Tuesday, April 20, 2010

A question about the conic representation of the power function.

My previous blog item discussed how to represent the set

x^5/3 <= t, x>=0

using linear and quadratic cones. Now the book by Ben-Tal and Nemirovski shows how to represent the set

x^p/q <= t , x>=0       (1)

using conic quadratic cones where p and q are integers and p>=q>=1 which much more general than my example of course. Now the method suggested by Ben-Tal and Nemirovsky is not optimal in a complexity sense. Hence, I do not think it leads to the minimal number of quadratic cones. Therefore, a natural question  is: What is the optimal conic quadratic representation of (1)?

Friday, April 16, 2010

Is x raised to the power 5/3 conic quadratic representable?

The set

   x^5/3 <= t, x,t>=0.0 

can be represented by

x^2    <= 2 s t,  s,t >= 0,
u         =     x,
v         =     s, 
z         =     v,
z^2   <= 2fg,  f,g > = 0,
f         =     0.5,
4 g      =     h,
h^2  <=  2uv,  u,v  >= 0.

I will leave it to reader to verify it is correct.

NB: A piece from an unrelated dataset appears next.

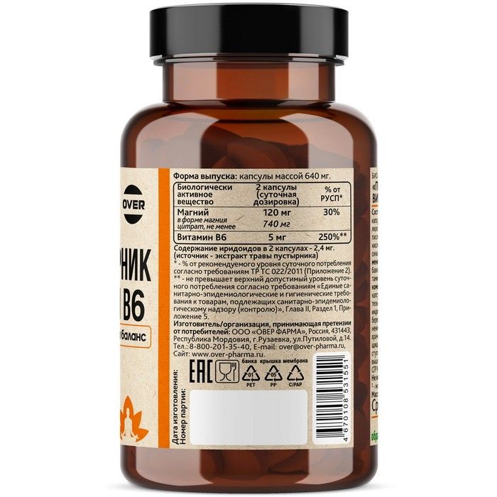 OVERVIT Пустырник +магний + витамин В6 капс. №60 Овер Фарма/Россия
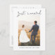 Enkel och modern bröllopsannonseringskort med en handskriven casual text som säger "Just Married" med hjärtan ovanpå ditt foto. Meddelandet på baksidan av kortet är redigerbart.

this particular set I have come up over again and again in financial applications. I suppose it has something to do with modeling of transactions costs.

An obvious question is why replace a simple problem but something that looks quite a bit complicated.
However, both in theory and practice the conic quadratic optimization problems is easier to solve then general convex problems.